▸ **TASK PROMPT**: Given the material below, return only the lines starting at the line with "Twigs data pipelines" and ending at the line with "元乃隅神社の鳥居を通った先にある、岩場の海岸です。", exactly as they appear.

▸ **RECORDS FOR PROCESSING**:
___
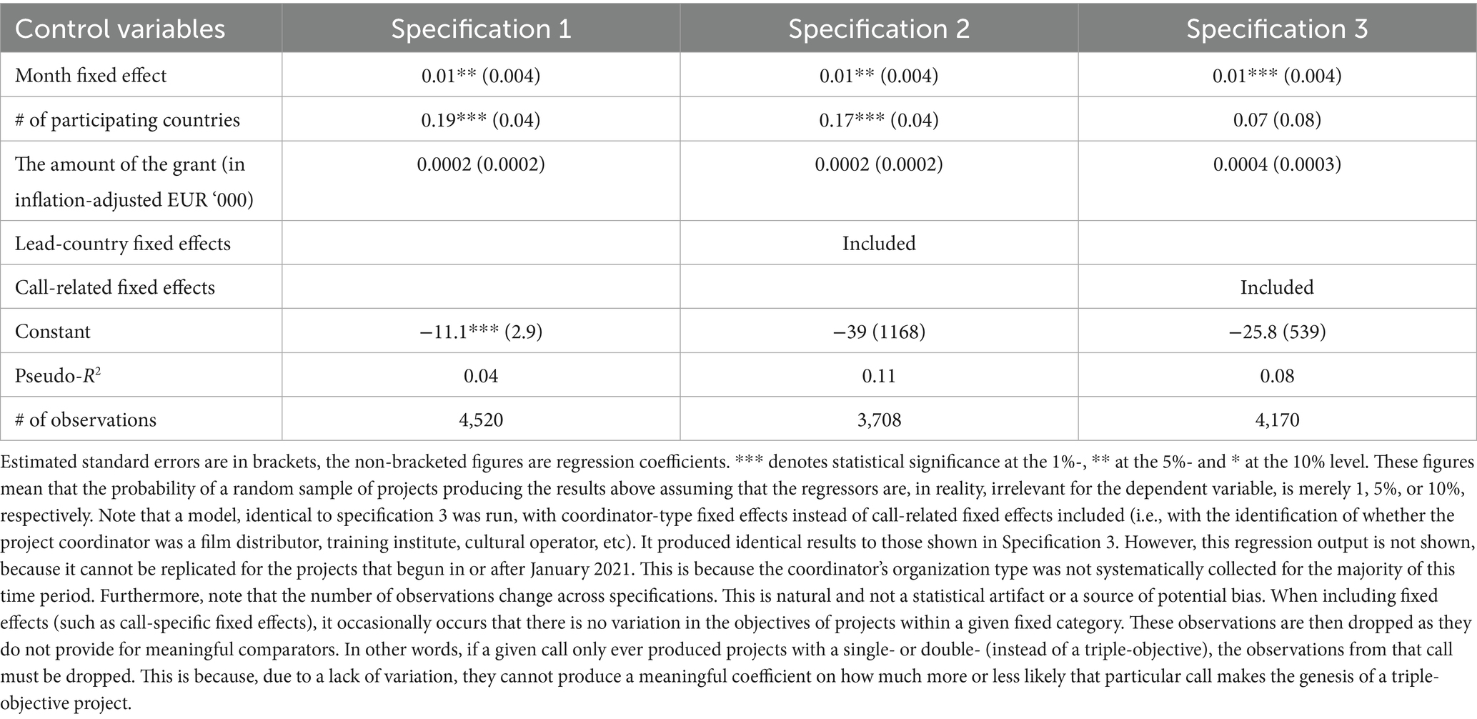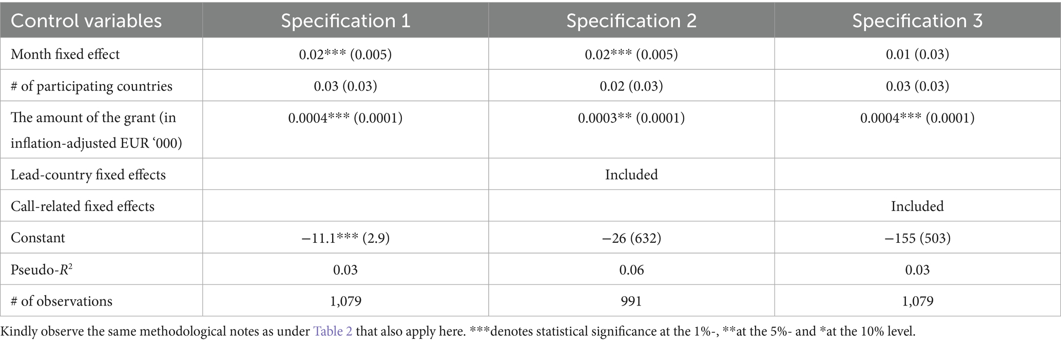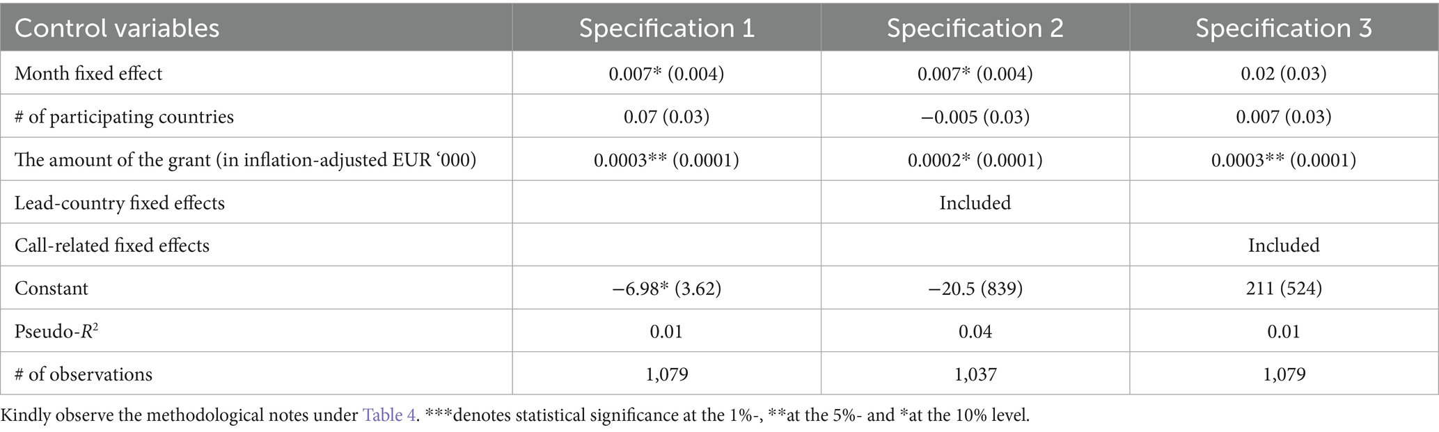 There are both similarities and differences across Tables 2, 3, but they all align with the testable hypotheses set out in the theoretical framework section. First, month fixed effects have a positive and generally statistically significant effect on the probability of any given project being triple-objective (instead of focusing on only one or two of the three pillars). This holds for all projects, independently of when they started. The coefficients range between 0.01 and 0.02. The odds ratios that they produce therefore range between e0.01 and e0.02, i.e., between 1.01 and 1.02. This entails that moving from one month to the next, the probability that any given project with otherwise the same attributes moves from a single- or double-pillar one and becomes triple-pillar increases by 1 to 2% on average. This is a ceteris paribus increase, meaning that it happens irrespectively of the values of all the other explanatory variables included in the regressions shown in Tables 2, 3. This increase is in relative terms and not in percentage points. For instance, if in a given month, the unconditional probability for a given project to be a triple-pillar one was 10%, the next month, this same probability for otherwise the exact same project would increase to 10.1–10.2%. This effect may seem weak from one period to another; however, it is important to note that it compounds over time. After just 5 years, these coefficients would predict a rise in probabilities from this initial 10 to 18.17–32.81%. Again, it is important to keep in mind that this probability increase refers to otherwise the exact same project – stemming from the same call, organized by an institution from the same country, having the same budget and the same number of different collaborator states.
___
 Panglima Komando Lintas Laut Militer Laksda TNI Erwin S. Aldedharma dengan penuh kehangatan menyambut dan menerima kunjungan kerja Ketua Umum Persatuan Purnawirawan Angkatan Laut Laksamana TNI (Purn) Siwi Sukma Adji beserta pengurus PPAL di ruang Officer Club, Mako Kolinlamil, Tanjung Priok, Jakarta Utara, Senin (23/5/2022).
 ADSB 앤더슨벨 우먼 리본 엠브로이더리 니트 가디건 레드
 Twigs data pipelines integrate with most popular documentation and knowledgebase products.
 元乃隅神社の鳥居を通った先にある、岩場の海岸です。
___
▸ **RESPONSE BELOW**:
 Twigs data pipelines integrate with most popular documentation and knowledgebase products.
 元乃隅神社の鳥居を通った先にある、岩場の海岸です。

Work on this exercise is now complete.